On April 26, 1862, Baxter's Battery with 73 effectives was reported in Major General Hardee's Corps, Colonel R. G. Shaver's Brigade at Corinth, Mississippi. On June 30, still in Hardee's Corps, it was reported in Brigadier General S. A. M. Wood's Brigade. Captain Baxter was assigned to post duty, and the battery was organized as Captain Samuel L. Freeman's Battery on July 20, 1862. Company reports state it was engaged in shelling the enemy at Battle Creek, near Chattanooga, August 27-28; and dislodged and routed the enemy in an engagement at Stevenson, Alabama on August 31, as part of a force under Colonel McKinstry, 32nd Alabama Regiment.
Early in September, 1862, the battery received 50 recruits from Loudon County. On September 21, Major General Sam Jones ordered Freeman's Battery to march to Tullahoma, to be under the command of Colonel H. Maury, with the purpose of producing an impression that a force was moving on Nashville from Chattanooga. On October 4, Colonel Maury was directed to move up to Murfreesboro, and Freeman's Battery to La-Vergne. On October 9, Freeman's Battery was ordered to report to Brigadier General N. B. Forrest, and it remained with his command until after the Battle of Chickamauga.
On November 5, the battery was with Forrest in his raid into the outskirts of Nashville, being stationed first on the Nolensville Pike, and later between the Franklin and Nolensville Pikes, where it did effective work in shelling the enemy troops on the pikes. General Forrest reported: "Great credit is due Captain Freeman and his officers and men for their coolness and discretion during this engagement."
An inspection report dated November 11 showed Freeman's Battery armed with two 6-pounder guns and two 12-pounder howitzers, bronze, and stated that it required new harness. On November 14, Freeman's Battery, with six guns, was reported with Forrest six miles from Nashville.
It accompanied Forrest in his raid into West Tennessee the last half of December, and was under his immediate command in his dash into Trenton, on December 20. It was with Colonel Dibrell in the Battle of Parker's Cross Roads, December 31, 1862, and Colonel Dibrell spoke of the effective work
of a 12-pound howitzer, manned by Sergeant Nathan Baxter, of Freeman's Battery.

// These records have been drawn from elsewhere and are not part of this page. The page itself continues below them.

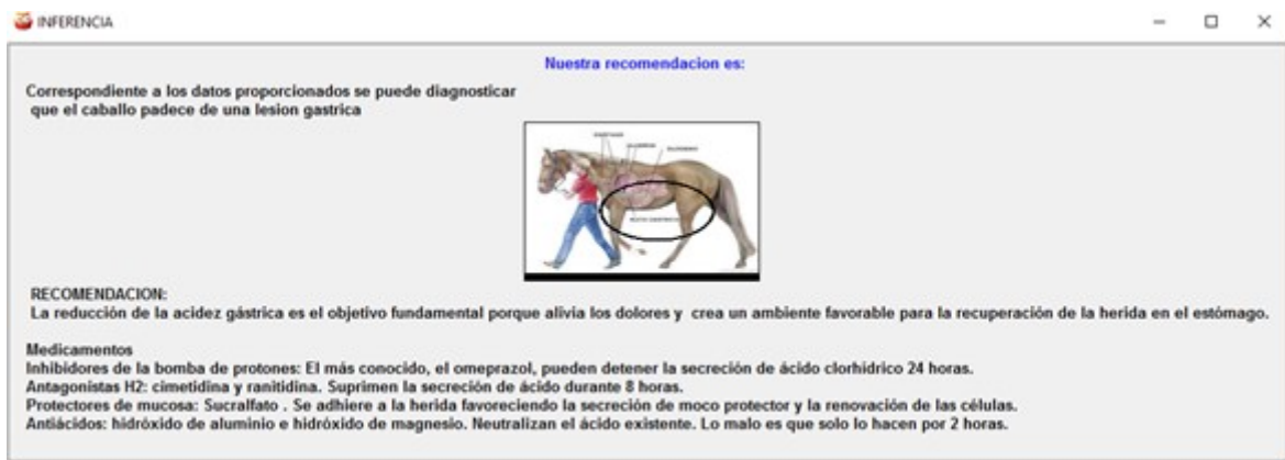
Figura 5 Pantalla de Resultados del Test de síntomas de cólicos en caballos.
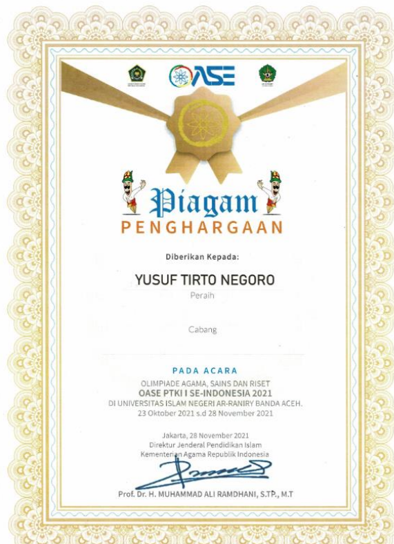
Gambar 2 Sertifikat Penghargaan
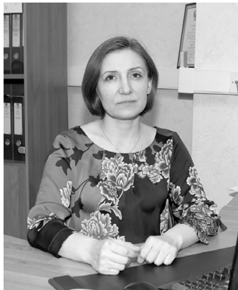
- Елена Валерьевна, 1 января 2016 года изменилась схема расчетов налогов, относящихся к недвижимости. В чем заключаются эти изменения, и как этот вопрос касается когалымчан, в частности?

- С 2015 года вступила в силу новая глава 32 Налогового кодекса Российской Федерации, посвященная налогу на имущество физических лиц. Она предусматривает возможность расчета налога исходя из кадастровой стоимости недвижимости. Налог считается индивидуально по каждому объекту недвижимости, причем для жилых помещений можно применить налоговый вычет. Но для того чтобы все новшества в налогообложении применялись в конкретном регионе, его власти должны были принять закон о переходе на расчет налога на имущество физических лиц исходя из кадастровой стоимости. Таким документом для Когалыма стало решение Думы города Когалыма от 30.10.2014 № 472-ГД «О налоге на имущество физических лиц».
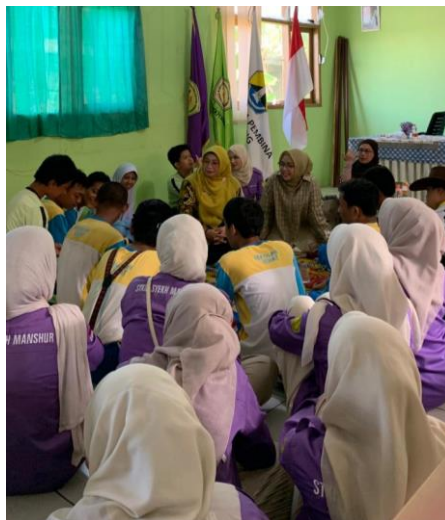
Gambar 1. Read Aloud Oleh Pendamping

Implementasi pojok literasi sebagai bagian dari intervensi memberikan ruang bagi siswa untuk mengakses buku secara mandiri di luar jam pembelajaran (Aryanti et al., 2024; Toews et al., 2021). Guru mencatat bahwa pojok literasi menjadi pusat aktivitas baru, dimana siswa tertarik untuk membaca atau melihat-lihat buku cerita yang tersedia. Pentingnya lingkungan fisik yang mendukung literasi bagi siswa ABK, terutama untuk membangun kebiasaan membaca secara berkelanjutan.
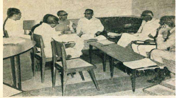
दक्षिण गुजरात युनिवर्सिटीने ઉપક્રમે મળેલી રાજ્યની યુનિવર્સિટીઓના કુલપતિઓની સભાની તસ્वीર
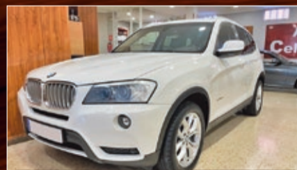
BMW X3 X-DRIVE 30 D AUTO 8VEL. 258 CV CUERO, NAVY, XENON, LED, ETC. AÑO 2011 - 21.900€
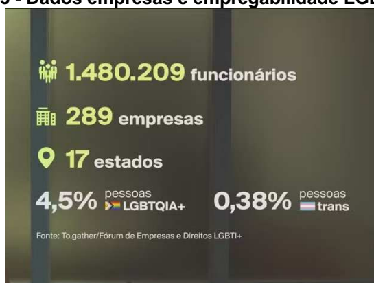
Figura 3 - Dados empresas e empregabilidade LGBTQIAP+

empregabilidade trans. Vale ressaltar, entretanto, que as empresas que participaram dessa pesquisa já têm experiência com políticas de diversidade. Entre elas, 61% afirmam que empregam pessoas trans atualmente, e cerca de 16% afirmam ter pessoas trans em cargos de liderança. No entanto, na maioria desses casos, as vagas ocupadas por pessoas trans representam menos de 1% do total de funcionários contratados da empresa.
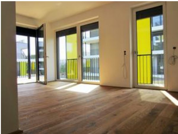
Wohnen - Essen
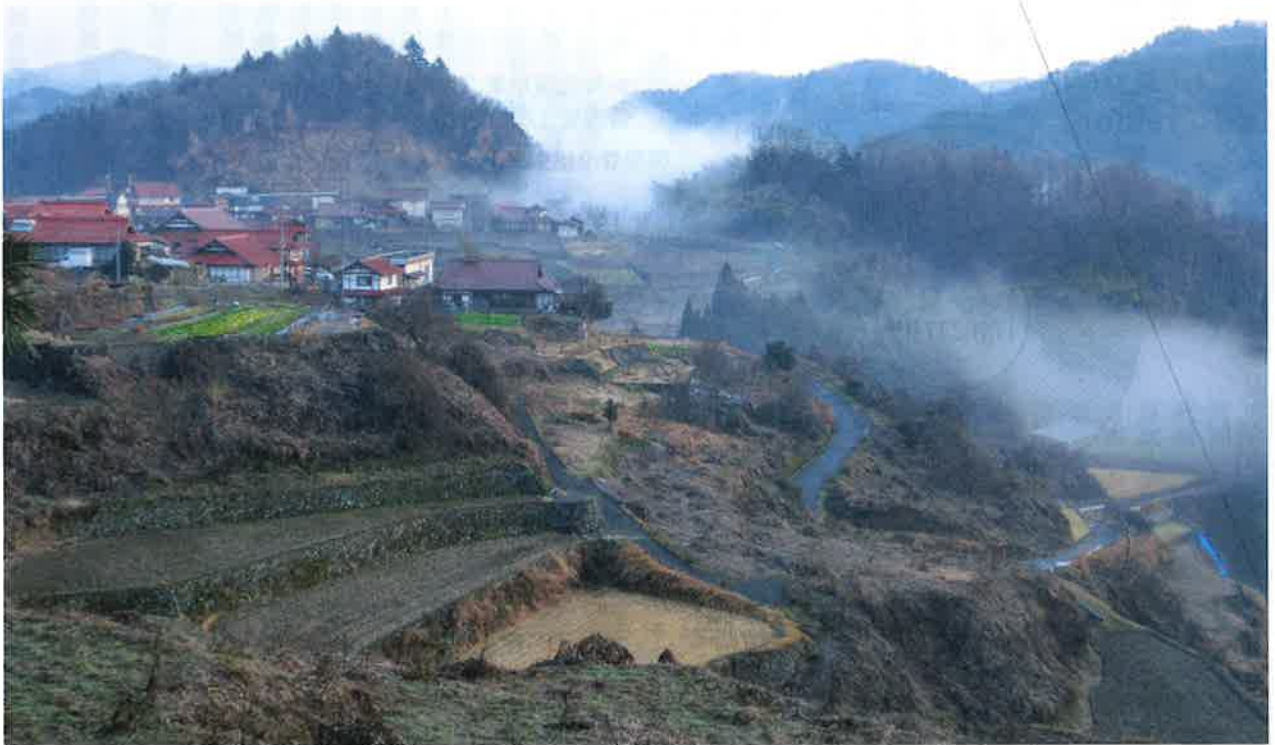
天空の集落

平素より皆様方には、島根保護観察協会の事業推進につきまして多大なるご支援・ご協力を賜り厚く御礼申し上げます。お陰をもちまして昨年度は当協会の所期の目的を達成し、更生保護事業の伸展開に寄与することが出来たものと思っております。
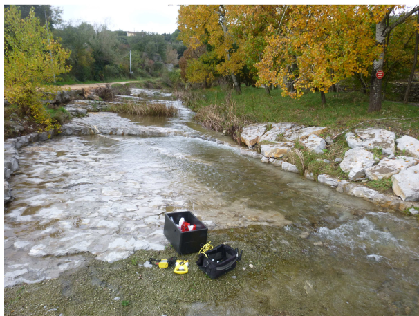
Vue vers l'amont du gué – novembre 2014
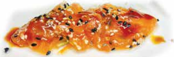
190. Salmon tataki (salmone scottato in crosta al sesamo, teriyaki e lime) max 1 porzione allergeni: 1,4,11
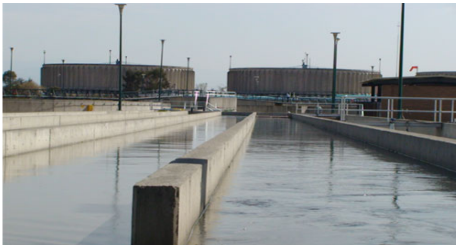
La planta de tratamiento avanzada consta de la remoción de siste parámetros

En la entidad se provee a las poblaciones 40.17 l/s. De éstos el 85% (34.2 m 3 /s) proviene de los acuíferos subterráneos. De igual manera, al Distrito Federal se le transfieren 8 m 3 /s, de la siguiente manera: 2 m 3 /s provienen del acuífero del Valle de Toluca; 2 m 3 /s, del Ixtlahuaca-Atlacomulco, y 4 m 3 /s del acuífero Cuautitlán-Pachuca.
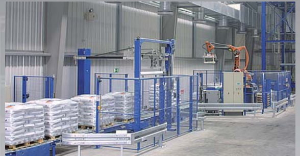
z. B. schlüsselfertige Sackabfüllanlage mit Abfüllung und Palettierung von über 1.000 Säcken pro Stunde

z. B. Karton-/Displaykarton-Palettierung von bis zu 3.600 Gebinden pro Stunde
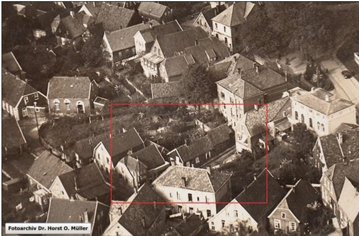
Historische Häuser an der Westseite der Weinkellerstiege um 1950.
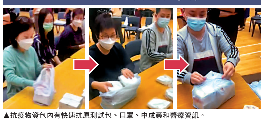
▲抗疫物資包內有快速抗原測試包、口罩、中成藥和醫療資訊。
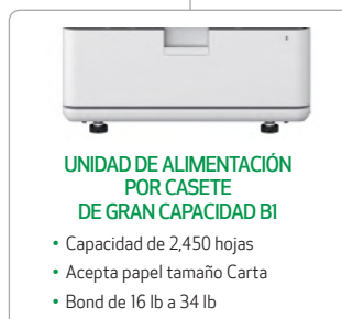
UNIDAD DE ALIMENTACIÓN POR CASETE DE GRAN CAPACIDAD BI

Returning to Middle Tennessee, it was with Forrest in the capture of Thompson's Station on March 5, and of Brentwood on March 25. But Freeman's exploits came to an end April 19, 1863, on the Lewisburg Pike near Franklin. A Federal report stated: "Freeman's Battery was taken and destroyed by chopping it to pieces. He, one lieutenant, and several men were killed; two lieutenants and 29 men captured. In other words, the battery was defunct." Confederate reports of the engagement state that the attacking troops were from the 4th United States Cavalry. They are in practical agreement with the list of casualties; Lindsey's Annals states: "As the enemy did not get any of the pieces off the field, Lieutenants Douglass and Crudup took charge of the battery and had it prepared for service, the wheels having been hacked up in the effort to cut the battery down." A. L. Huggins was one of the lieutenants captured in this engagement, but when he was exchanged he became captain of the company, and served as such until the end of the war.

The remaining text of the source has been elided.